So, I've got confidence this code works as intended for any step including an =
.
Now, for the -
condition.
else if (step.includes('-')) {
let match = boxes[boxIndex]
.findIndex(el => el.label == label)
if (match !== -1) {
boxes[boxIndex].splice(match, 1)
}
}
I wasn't seeing anything in Box 3.
I checked all my code.
It seemed to check out.
Then I realized...
...my slice()
statement to only display the first few boxes was only showing me Boxes 0-2.
Ugh!
When I updated it to show Boxes 0-3 I saw exactly what I expected.
Phew!
I think I feel safe enough to move on to calculating focusing power
.
Calculating focusing power
It looks like I'll need to iterate through each lens.
They are stored as objects nested in each of my 256 arrays.
Information I need to have so I can multiply them together:
One plus the box number of the lens in question
I should have access to the box number while iterating.
The slot number of the lens within the box: 1 for the first lens, 2 for the second lens, and so on
That's just the index of each nested object. I'll have that for sure.
The focal length of the lens
That's a property of the object. I'll have that, too.
Then I just multiply them together, huh? Cool!
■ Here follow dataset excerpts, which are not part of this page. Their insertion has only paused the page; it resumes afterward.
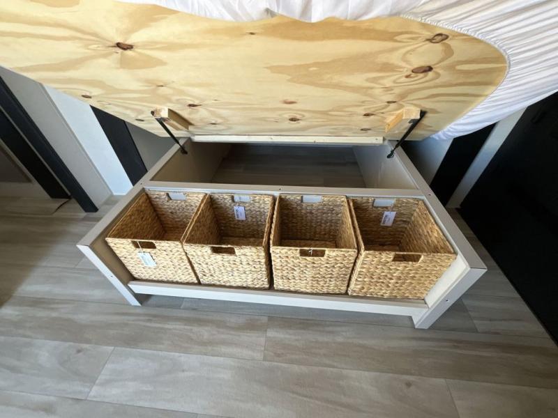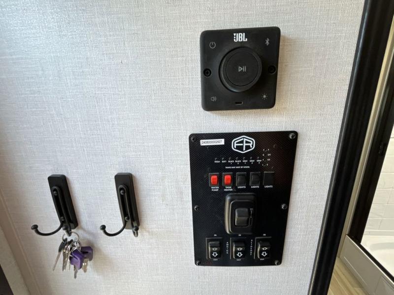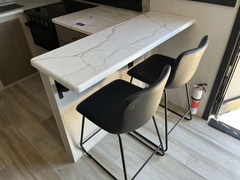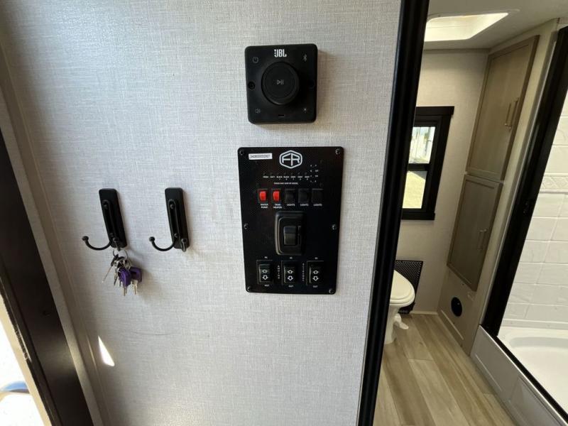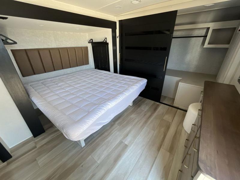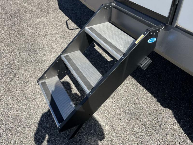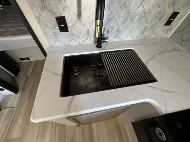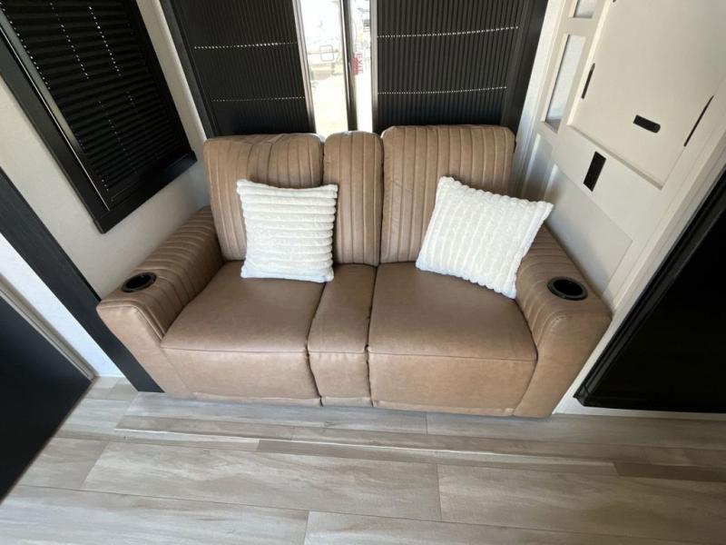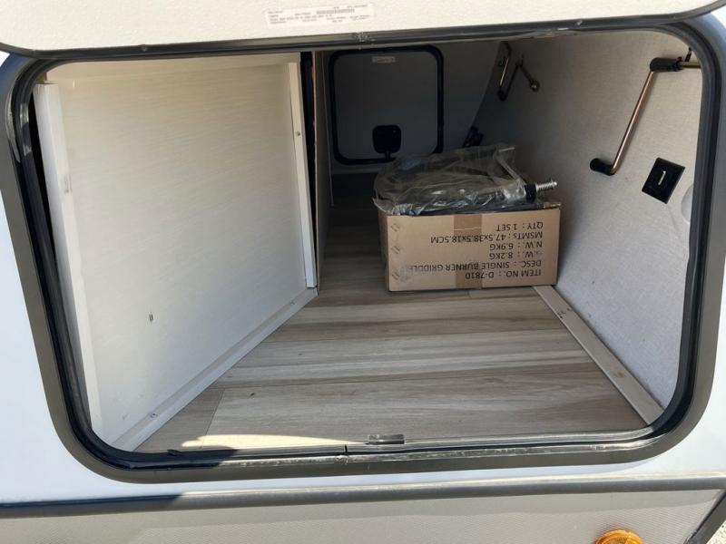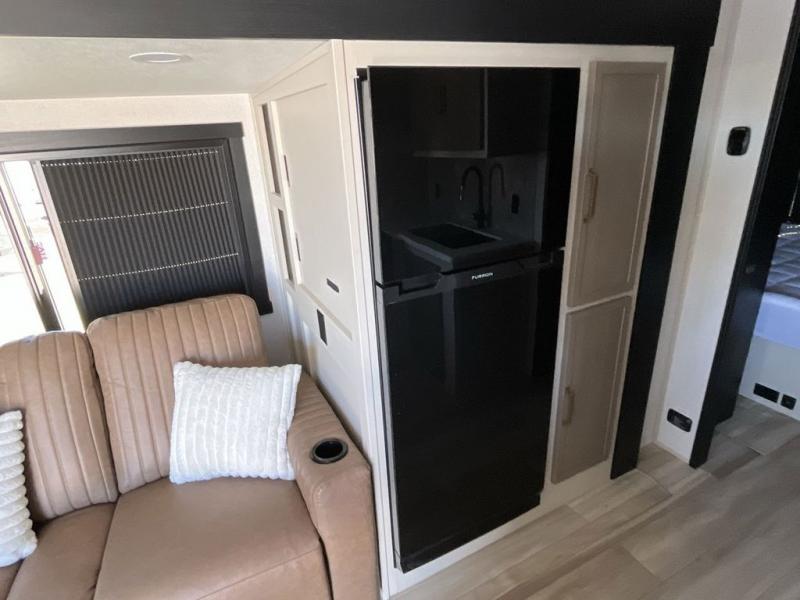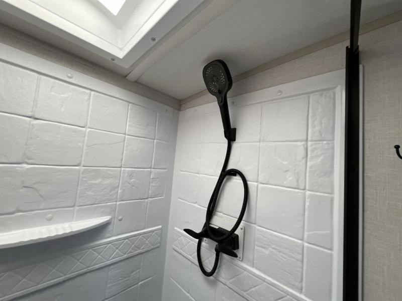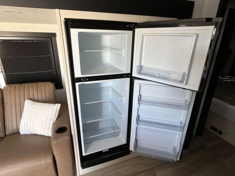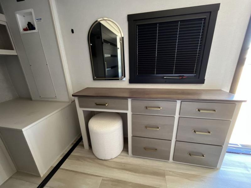It won't be hard to find comfort in this dual entry travel trailer for two! The front bedroom includes one of the entry doors, a king bed slide out, and a large front wardrobe with washer and dryer prep if you want to add those appliances. You can relax in the main living room and combined kitchen that includes a large slide out and theater seating, or you can relax outside under the 21' awning! There is also an outside kitchen with a griddle and refrigerator if you enjoy cooking outdoors. Once you've headed back inside for the night, you can freshen up in the full rear bath before bed. Here, you'll find dual bath sinks, a linen closet, and a walk-in shower with skylights for more natural lighting!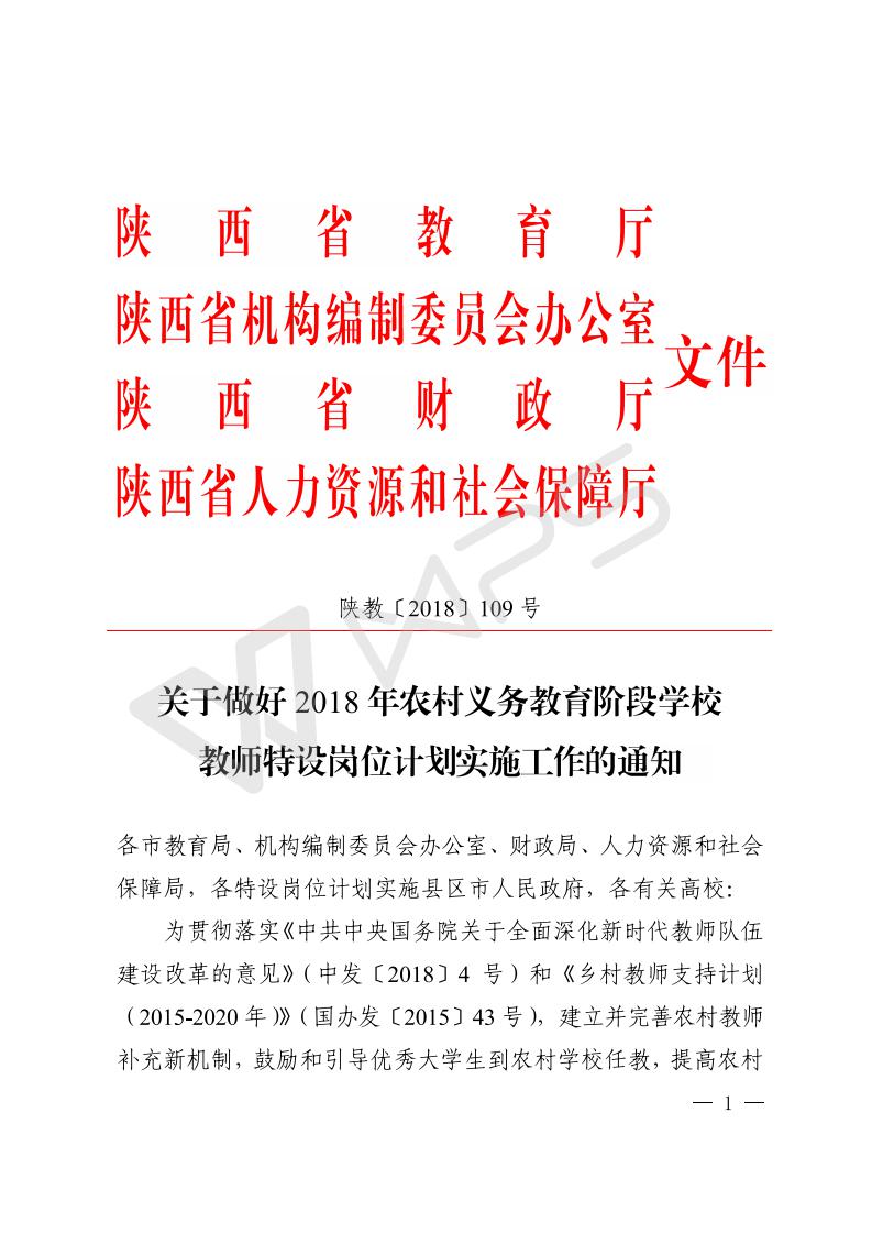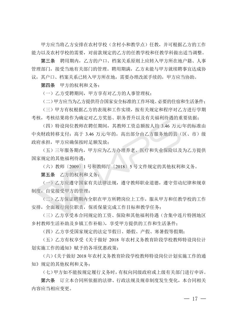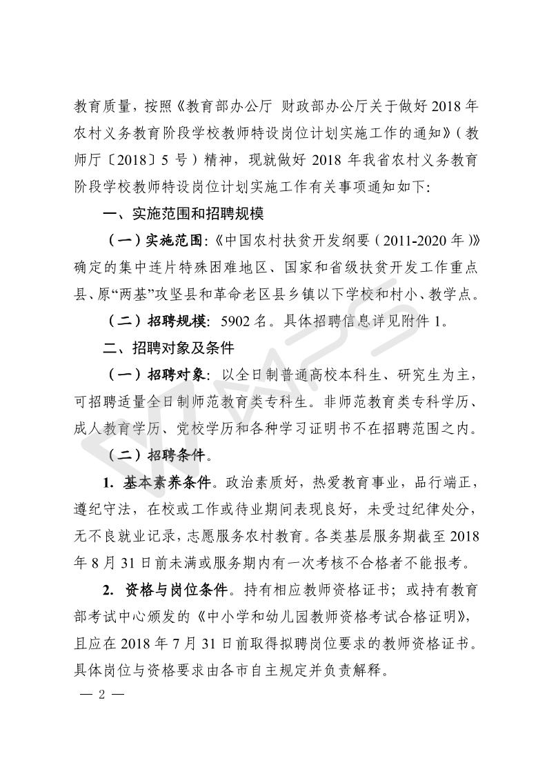 关于做好2018年农村义务教育阶段学校教师特设岗位计划实施工作的通知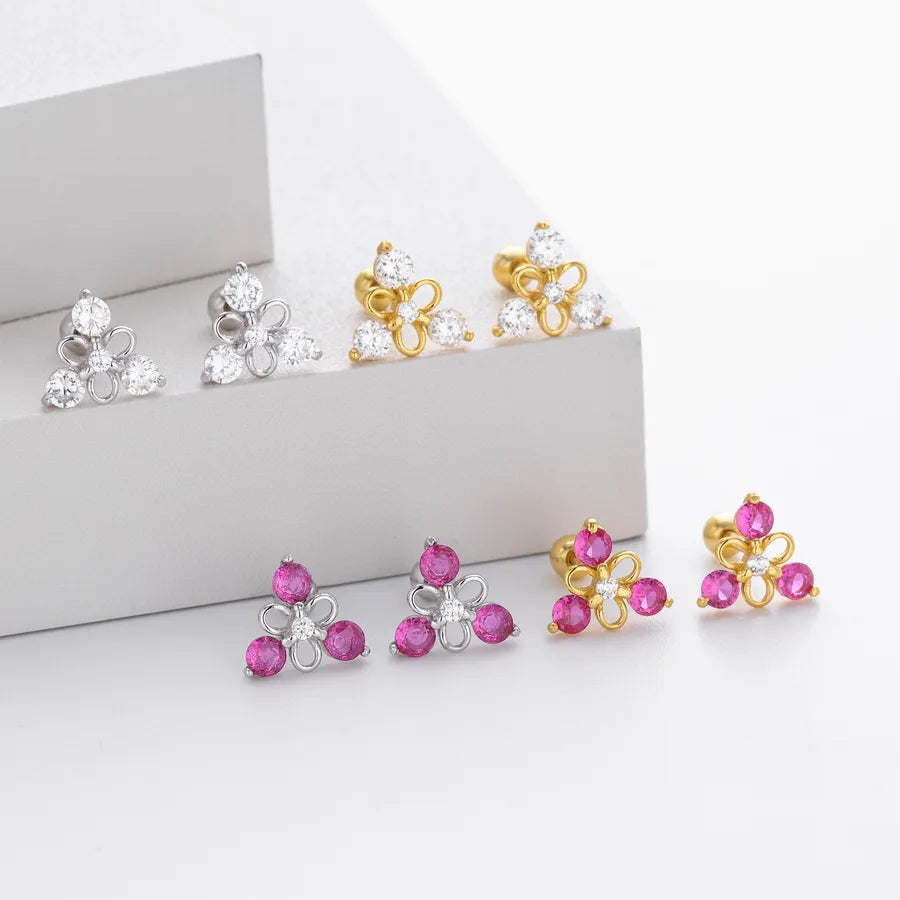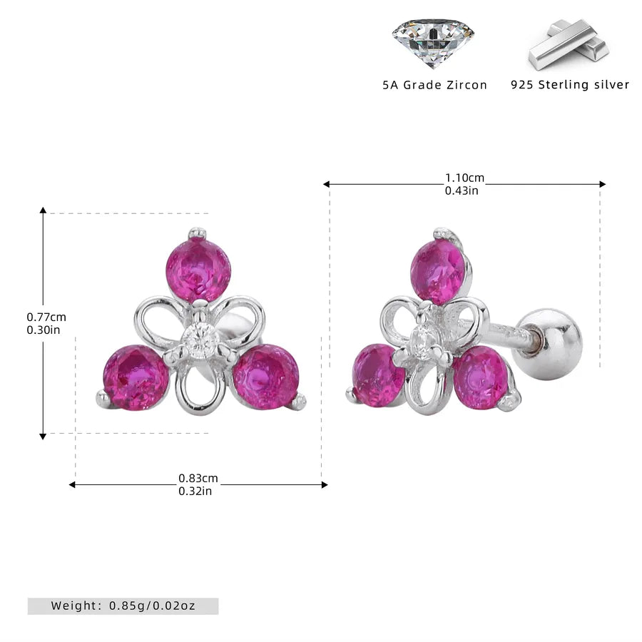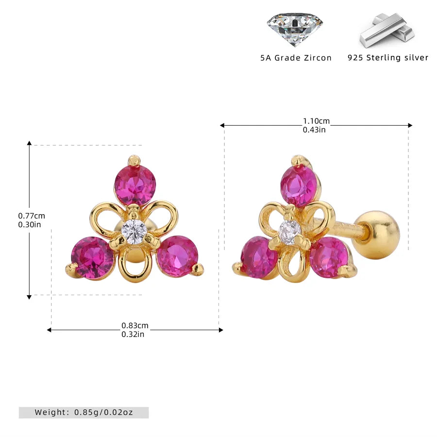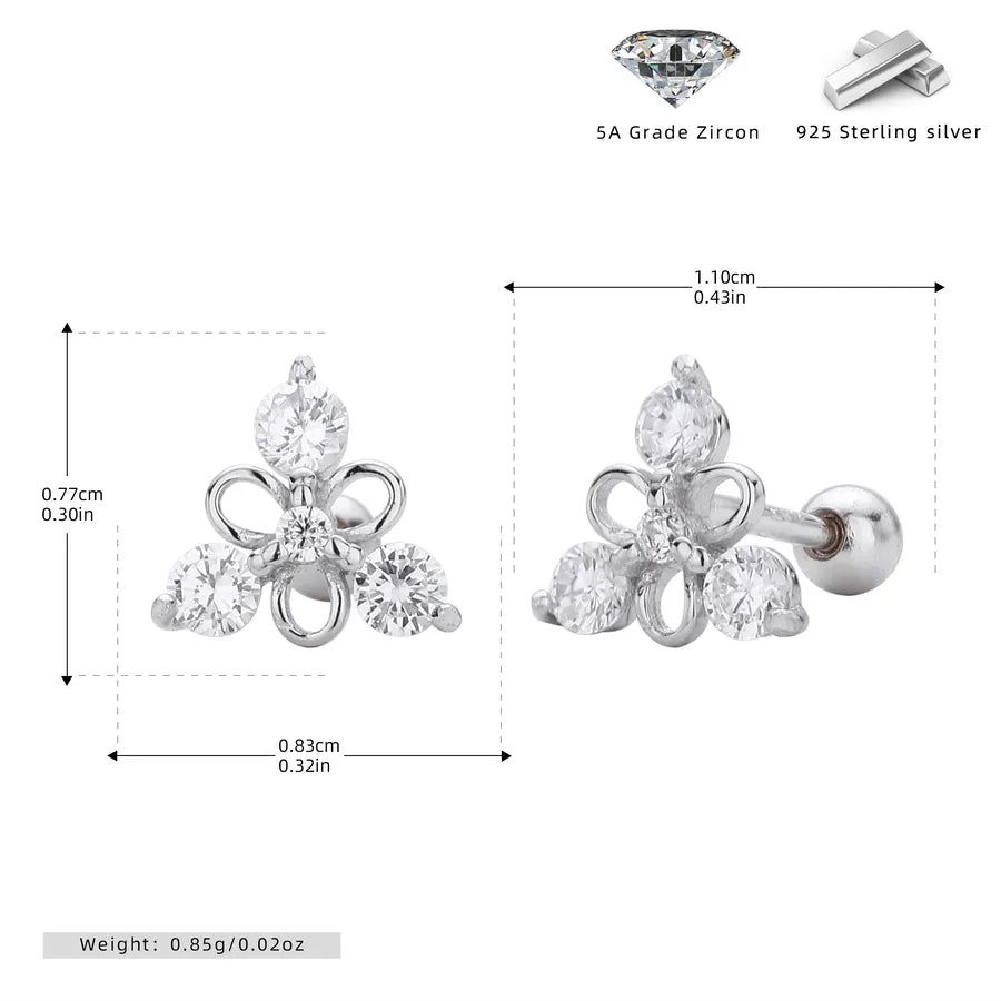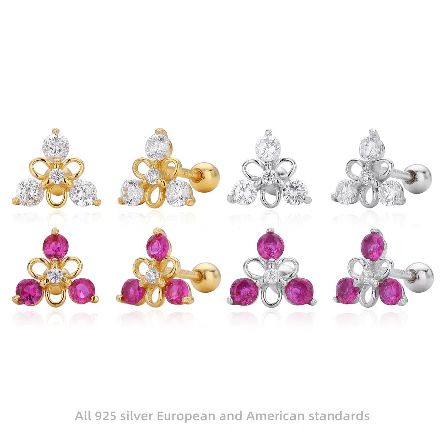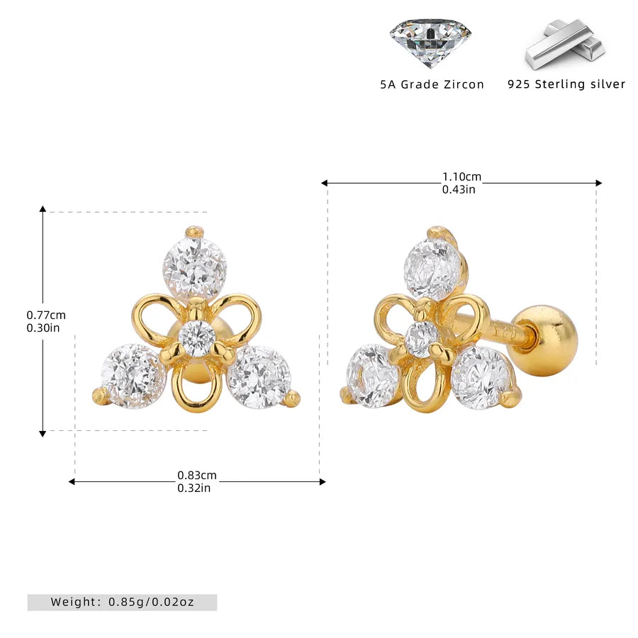 18K Gold Plated Rhodium Plated S925 Sterling Silver Ear Bone Stud Nose Stud Zircon Triangle Earrings

This should be easy!......
Programmatically calculating focusing power
Aside from mistyping a value instead of a property name, this was the easiest part:
boxes.reduce((fPower, box, index) => {
return fPower += box.reduce((total, lens, i) => {
return total += ((index + 1) * (i + 1) * lens.fl)
}, 0)
}, 0)
It generated the correct answer for the example input.
Fingers crossed it generates the correct answer for my puzzle input!
...
Woohoo!!!
That second part was quite the tour de force of programming.
I was expecting something about my algorithm to be missing either an edge case or some clear part of the instructions.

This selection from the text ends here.